Two approaches to multiplatform programming

There are two main approaches to multplaform programming. The first assumes that you know all programming platforms and  in your code you perform the right calls to your operating system API depending on the platform. The second approach assumes that instead of directly using your operating system you should rather use a multiplatform library that hides complexity of using operating system. In the second case the library creates a unified and consistent API for all supported operating systems.

Your implementation

If you want to handle complexity of multiple platform on your own, then you need to use preprocessor directives to perform calls to the right OS API in your code. A good example is the function that loads dynamic link libraries (the “so”, “dll” or “dynlib” files – extension is specific to your platform). To load a dynamic link library you need to write something like this:

//Define a dynamic link library handle specific to the given platform:

//Windows version
#ifdef WIN32
#define SHLIB_HANDLE HMODULE
#define INVALID_SHLIB_HANDLE NULL
#endif //WIN32

//Unix, Linux and OSX version
#ifdef __unix
#define SHLIB_HANDLE (void *)
#define INVALID_SHLIB_HANDLE NULL
#endif //__unix

inline SHLIB_HANDLE load_dynamic_library(const char * fileName)
{
#ifdef WIN32
return LoadLibrary(fileName);
#endif //WIN32
#ifdef __unix
return dlopen(fileName, 0);
#endif //__unix
}

The aforementioned code was simplified in order for the most important elements to be displayed. Processor directives were used to define universal data types such as dynamic link library handle and invalid value of that handle. Then the load_dynamic_library() function is defined. Depending on the operating system it performs calls to a specific OS API function. An application using only SHLIB_HANDLE type,  load_dynamic_library() function and INVALID_SHLIB_HANDLE value is going to be multiplatform. Of course in practice you may want to support a big number of platforms. Thanks to the POSIX standard, majority of operating systems provide similar API and the above code should work well with them. If you want to use a non-standard operating system or if you want to handle a functionality that is not within the scope of POSIX, you have to implement multiple versions of your functions. Unfortunately you also need to test your code on multiple platforms.

Use of libraries

Another option is the use of multiplatform libraries. An example of such a library is the standard C++ library. In the modern C++ 14 version it wraps functionality such as file streams, threads and signals. C++ standard library is actually only a definition of an interface. All platforms provide their own implementation of those interfaces. This approach allows you to use the library on all platform in exactly the same way. In case of other libraries the implementation for the most typical platforms is provided by creators of the library.

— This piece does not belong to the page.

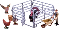 The package includes a turkey, rooster, goose, duck, farmer with wheelbarrow, feeder and fence elements, allowing kids to easily build their own mini farm and play out daily activities, feeding, and animal care.

Unfortunately the scope of the standard library is very limited. If you want to implement anything that is outside of C++ std, you need to do your own research on libraries that cover the functionality that you need.

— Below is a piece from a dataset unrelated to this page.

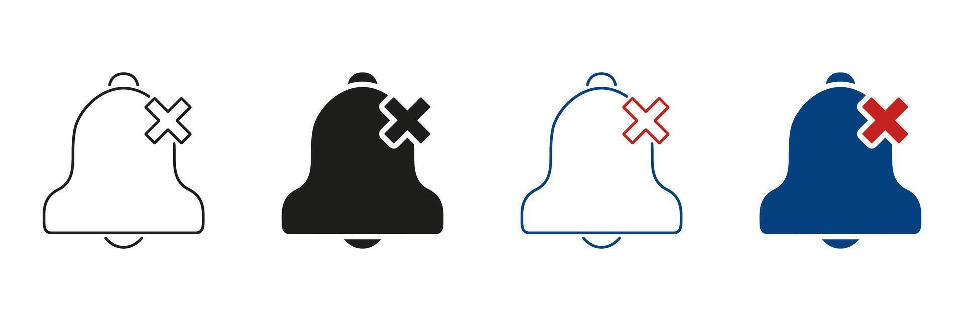 Bell With Cross Line And Solid Icon Set. Notification Muted, Silent Mode, And Alert Off Symbol Collection. Sound Deactivation And Do Not Disturb Feature. Isolated Illustration Pro Vector

Comparison of the two methods

Each of the aforementioned approaches has its pros and cons. Main advantages of your own implementation is full control over the code and ability to optimize implementation according to your needs. But the use of libraries tends to a better solution in most of cases because of easiness and much lower effort needed. Among advantages of use of libraries are:

• You don’t need to learn about all operating systems, you only need to learn how to use the library.
• The use of libraries does not require writing your own code that wraps behavior of operating systems.
• Popular libraries tend to be very well designed. Usually they are created by big groups of developers and architects. It’s hard to achieve the same level of quality by yourself.
• Libraries are usually very well tested. Your own code would be new with many potential issues.
• Libraries tend to be very well optimized.
• Libraries are usually very well documented.
• If the library is popular, there may be programmers in the market who alredy know it very well. In this case you save time needed for research and learning.
• Libraries usually support much broader range of operating systems that you need and therefore give you potential for migrating your product to more platforms in the future.

Example libraries

There are many libraries that are already created. Here is a short list of libraries that I worked with and can recommend for usage in certain scenarios:

• Apache Portability Runtime – this is the only C library on this list. APR is a simple C library that concentrates on optimizing your memory allocation by doing it in big chunks. https://apr.apache.org
• Boost – at the moment of writing Boost is the most popular and widely accepted C++ library. Its many sublibraries allow you to access your operating system API indirectly. For example the asio library allows you to use asynchronous input-output operations (highly specific to your operating system) using multiplatform API. You can learn more about Boost at http://www.boost.org.
• Adaptive Communication Environment – a solid wrapper around operating system API. What distinguishes ACE from Boost is that Boost tries to mimic OS API very closely and ACE provides several components that – while having the same external functionality on all platforms – work in a totally different way internally depending on the platform. http://www.cs.wustl.edu/~schmidt/ACE.html.
• POCO – a set of libraries created mainly to simplify the creation of web-related services. https://pocoproject.org.